Getting to Grips With... Concrete Tanks
Precast concrete tanks answer many current industry needs, offering longevity and sustainability while minimising on-site construction time
by Stephen Casey, Project Engineer, Whites Concrete
With ever demanding safety and environmental concerns, as well as the water industry’s drive towards total expenditure (Totex), correct storing and handling of liquids prompts all kinds of important questions.
Metal, GRP, membrane or concrete? And if it’s the latter, then should it be precast - away from the construction site - or cast in-situ?
What are the pros and cons of different tank materials?
Metal (steel) tanks will always be a cheaper option, but depending on the requirements of your application, they are not really permanent structures, which therefore may fail to meet the requirements set out by Ofwat for Totex. With concrete, standard longevity is still considered by many as up to 60 years, but more and more companies are designing and building walls, tanks and structures for a 100 year design life. Metal also cannot be used for underground storage, whereas high quality concrete will provide excellent load bearing for stormwater tanks.
As the anaerobic digestion (AD) market continues to gain momentum in the UK we have started to see membrane tank covers in operation, as well as concrete and glass-fused-to-steel tanks. Membranes offer cost savings, but it is a matter of choice in an area where safety is critical as to whether you feel comfortable with site personnel peeling back lids, or are happier with a far more solid structure.
Meanwhile, GRP can be cheaper for certain applications as it is lighter, although it can be limited on span, and will therefore only be able to sustain restricted loadings.
What is the advantage of precast concrete compared to cast in-situ?
Even on the most practical level, where space is invariably restricted on site, nobody wants materials taking up room when they’re not needed.
Having your concrete panels delivered, ready for commencement, ticks all the boxes for minimising time and cost, with speed of construction greatly accelerated. At the 800,000m3 Doe Park Reservoir in Yorkshire, for example, we reduced the upgrade of a wave wall from 12 months to just six by minimising the amount of steel fixing required on site. Precast concrete also provided another benefit by (instead of traditional masonry) having its exposed external faces finished with masonry-effect formliner to blend in with the local environment. Alone, this more sustainable and aesthetically-pleasing option saved £70,000.

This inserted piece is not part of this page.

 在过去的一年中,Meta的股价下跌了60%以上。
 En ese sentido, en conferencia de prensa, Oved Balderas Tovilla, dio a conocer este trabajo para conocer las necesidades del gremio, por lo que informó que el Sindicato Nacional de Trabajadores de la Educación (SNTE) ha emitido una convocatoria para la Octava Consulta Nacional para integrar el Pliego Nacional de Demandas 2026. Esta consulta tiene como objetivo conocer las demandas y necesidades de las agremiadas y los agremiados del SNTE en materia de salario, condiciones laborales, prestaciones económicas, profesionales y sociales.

How green is precast concrete?
Precast is extremely sustainable, made of natural raw materials (stones, gravels, sand, cement), available almost everywhere and in an enormous quantity. Compared with other construction materials, precast concrete minimises the whole life cycle impact on the environment and can be re-used or recycled almost entirely.

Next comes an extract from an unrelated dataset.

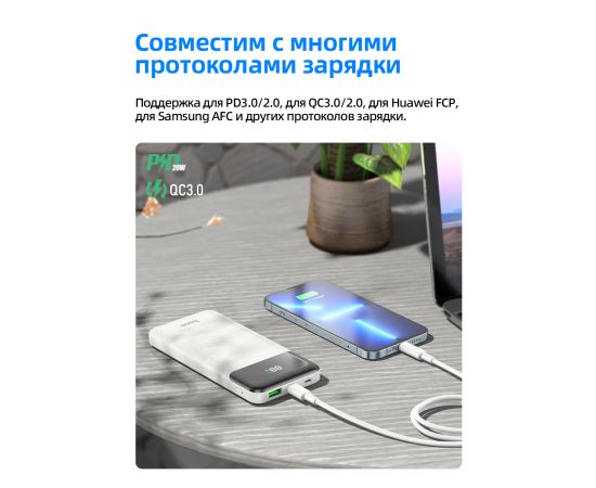 Аккумулятор внешний резервный HOCO J102 10000mAh Cool figure PD20W, QC3.0 (белый)

Wastage is also very much reduced. Before anything arrives at a construction site, reinforcement placing and curing methods are all carried out under finite, undercover factory-controlled conditions for manufacture, where a specified mix can be monitored and varied at the flick of a switch. In addition, rigorous structural testing by independent laboratories can verify specification and strength, whilst reusable moulds and a big reduction in transport costs also help meet green credential requirements with ease.
Is precast preferable to post-tension concreting?

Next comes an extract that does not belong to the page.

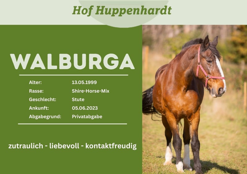 Wir suchen ein neues Zuhause für unsere Barockpferdestute Walburga! Die am 13.05.1999 geborene Stute wurde von uns im Juni 2023 von einer Privatperson übernommen, da diese sie nicht mehr halten konnte. Bei uns zeigt sie sich in der Herde als ranghohe Stute. Sie steht in einem Offenstall, kennt aber auch Boxenhaltung. Bei uns wird sie viel am Boden gearbeitet und liebt Spaziergänge. Dabei ist sie immer klar im Kopf und gut zu händeln! Mit etwas mehr Training wäre sicherlich auch ein gemütlicher Ausritt wieder denkbar. Walburga ist Menschen gegenüber sehr aufgeschlossen und zugewandt. Auch von Kindern lässt sie sich streicheln und putzen! Sie hat eine Cushing Erkrankung, weshalb sie medikamentös eingestellt ist. Auch sind in der Kruppe ein paar Probleme in der Tiefenmuskulaur bekannt, welche sich aber durch richtiges Training unauffällig zeigen. Wir wünschen uns für sie ein neues Zuhause mit eigenen Menschen, wo sie das Pferde-Seniorenleben richtig genießen kann. Wir sind ein Tierheim für Großtiere. Alle unsere Schützlinge werden nach positiver Vorkontrolle und gegen eine Schutzgebühr vermittelt. Gerne können die Tiere nach vorheriger Terminabsprache bei uns auf dem Hof besucht und kennengelernt werden.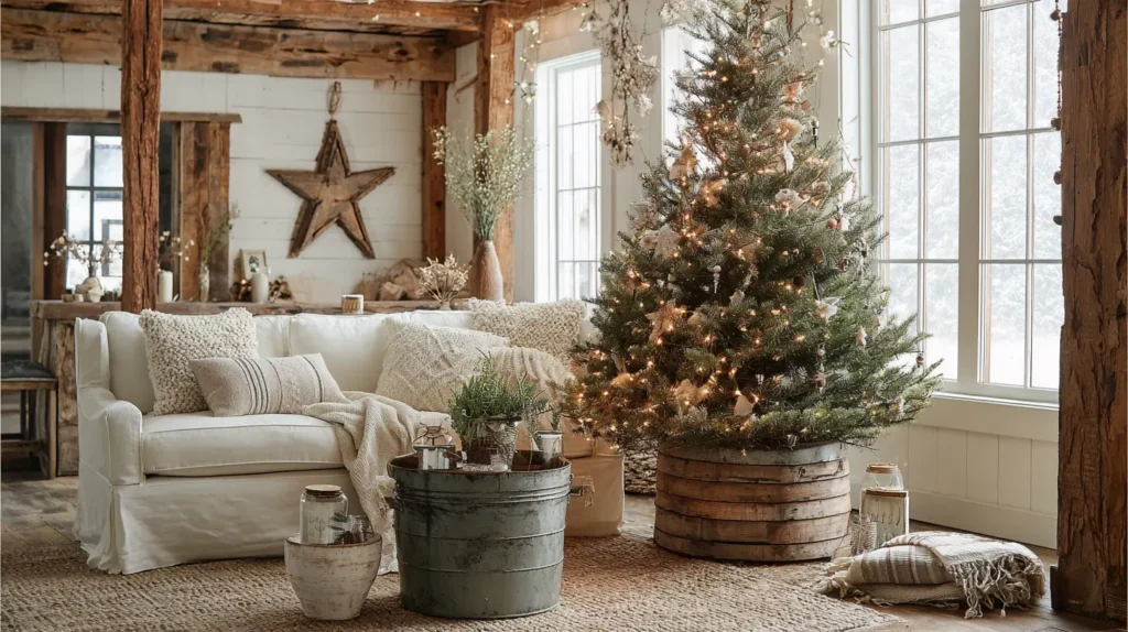 Forget the fussy, wrinkled fabric skirt. For a true farmhouse look, anchor your tree with something solid and textural. Envision the base of your Christmas tree encircled by a rustic, galvanized metal tree collar, as if it’s sitting in a large, old farm bucket. It’s simple, grey metallic sheen reflects the tree lights in a soft, diffused way. It provides a clean, contained, and slightly industrial-chic finish that perfectly complements the rustic wood and greenery, hiding the tree stand and completing the “fresh from the farm” look.

Post-tension relies on the integrity of its internal steel tines which can be susceptible to rust and catastrophic failure. The well-documented ‘daisy’ effect, whereby panels have collapsed to form such a circular flower pattern is usually caused by factors such as walls cracking, tendon damage, ingress of water into tendon ducts, as well as drilling and cutting of existing sections. There are many of these types of tanks already in operation throughout the UK, and the simultaneous occurrence of these factors is rare. The problem is, though, that where the steel cables are enclosed it is difficult to monitor corrosion within the units. With precast units, during the development phase, destructive testing can eliminate this, and if there is ever a problem with a precast concrete tank, the evidence is apparent and repair work can be carried out immediately, eliminating the possibility of total failure.
Is precast concrete suitable for anaerobic digesters?
Yes. Concrete is now being used extensively for tanks within the AD industry, capable of adopting a circular or square/rectangular format, as well as the ability to work below ground.
With the added requirement of feed storage for digesters, precast walls can again meet these needs. However, design is the key. The footprint on some schemes can appear unnecessarily large. This may not seem like a major issue but space can soon be at a premium and it seems unwise to create a problem so easily avoided at the design stage. We recently received an enquiry for a feed storage width of 48m. To achieve this, the clients’ plans showed an overall construction width for the walls of 64m using almost 35% more material space and cost than a conventional precast vertical wall.
Precast can be applied to meet numerous design criteria and, in addition to tanks, can be used in a wide variety of applications: walls, roofs and end-walls to name but a few. The modularity of precast means installation is faster and there is no waiting for it to gain its design strength. As with any construction, early involvement is always an advantage, but precast will always offer more options - and will reduce the overall cost of a project.